**Aim of the task**
Word for word, restate the lines from the one holding "Tłumik jest w" through the last line of the material below, and leave every picture out.

**Material provided**
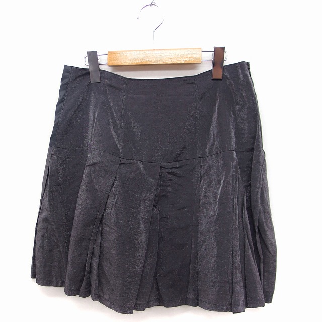 【中古】spazio jeans couture スパッツィオジーンズクチュール プリーツ フレア スカート ミニ 光沢 42 グレー 灰
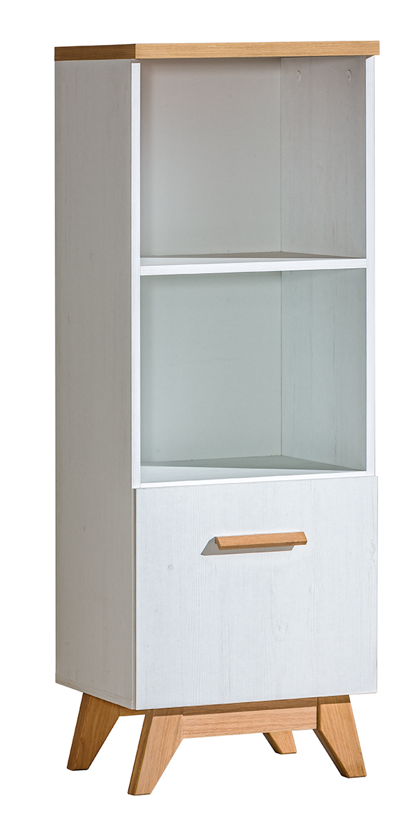 Knihovna s elegantním designem, ideální do moderního obývacího pokoje. Tento jedinečný kus nábytku z laminované desky dodá vašemu obývacímu pokoji jedinečný charakter. S jedněmi dvířky, dvěma policemi, to vše v barevném provedení dub nash/borovice andersen. Tato knihovna poskytuje funkčnost a styl v jednom. Získejte další úložný prostor díky knihovně Sven SV7.
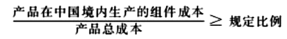 产品在中国境内生产的组件成本占比应当达到规定比例,计算公式为:
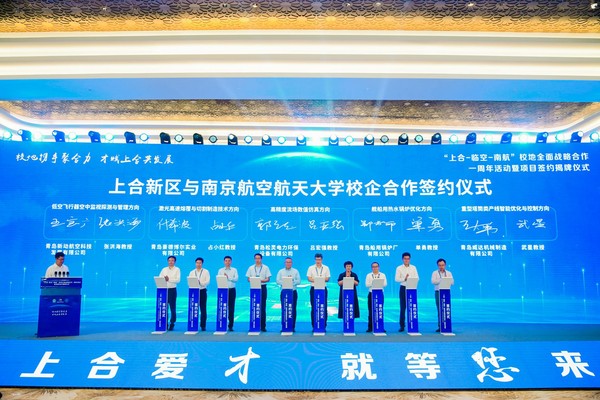 现场,临空经济示范区专家咨询委员会成立并为首批委员颁发了聘书;我校学生处被授予“胶州市引才工作站”;德固特等6家企业被授予“南京航空航天大学就业实习实践基地”;少海文化等4家单位被授予“南京航空航天大学外国留学生实践基地”。此外,推进会上还发布了南京航空航天大学-上合新区校地协同创新中心建设方案,中心位于临空服务中心,将充分发挥校地桥梁节点作用,重点建设上合科技成果转化平台、产学研合作示范基地、人才引育基地,提供快捷、高效、精准的一站式服务,打通科技成果转化“最后一公里”。
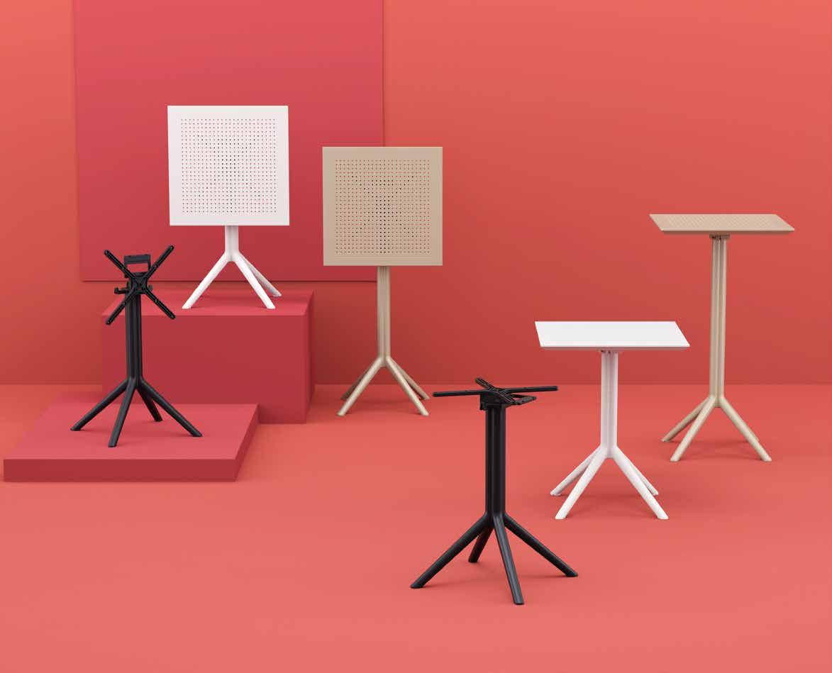HPL table tops, thickness 10 mm. Available on stock in sizes: 69x69, 79x79 cm.
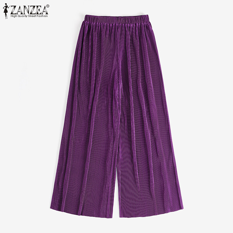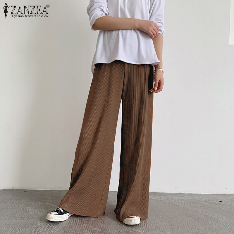 ZANZEA Korean Style Womens Elastic Waist Casual Long Pants Wide Leg Pleated Trousers
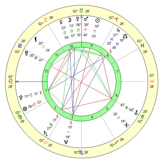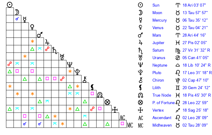 | Moon | 13 Taurus 52 | 1 Virgo 40 | 0 Aquarius 30 |
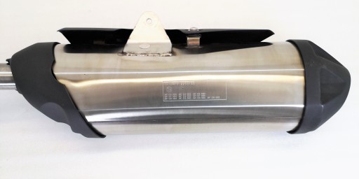 Tłumik jest w stanie dobrym widocznym na zdjęciach, ogółem ładny, ma lekkie zarysowanie, ale bez wgnieceń, ze świeżego motocykla.
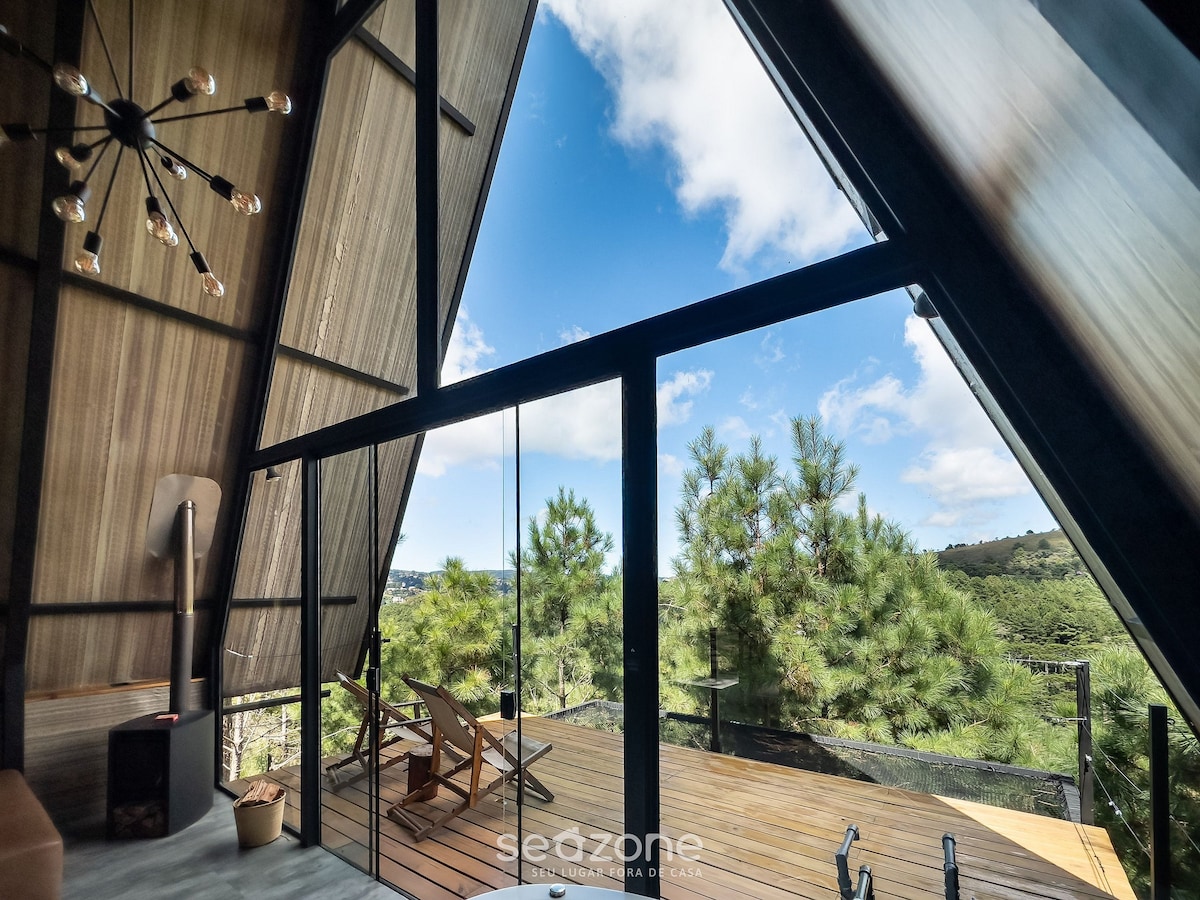 Loft romántico con bañera de inmersión y vistas a la montaña Sky 2 es un loft sofisticado y acogedor, ideal para parejas que quieren disfrutar de la comodidad y la privacidad en medio de la naturaleza. El espacio tiene una suite elegante y bien equipada y en la sala de estar tiene un sofá cama con capacidad para un niño si es necesario. El gran diferencial de Sky 2 es su baño, con una lujosa bañera y una vista increíble de las montañas de los Campos do Jordão.

**Expected answer**
 Tłumik jest w stanie dobrym widocznym na zdjęciach, ogółem ładny, ma lekkie zarysowanie, ale bez wgnieceń, ze świeżego motocykla.
 Loft romántico con bañera de inmersión y vistas a la montaña Sky 2 es un loft sofisticado y acogedor, ideal para parejas que quieren disfrutar de la comodidad y la privacidad en medio de la naturaleza. El espacio tiene una suite elegante y bien equipada y en la sala de estar tiene un sofá cama con capacidad para un niño si es necesario. El gran diferencial de Sky 2 es su baño, con una lujosa bañera y una vista increíble de las montañas de los Campos do Jordão.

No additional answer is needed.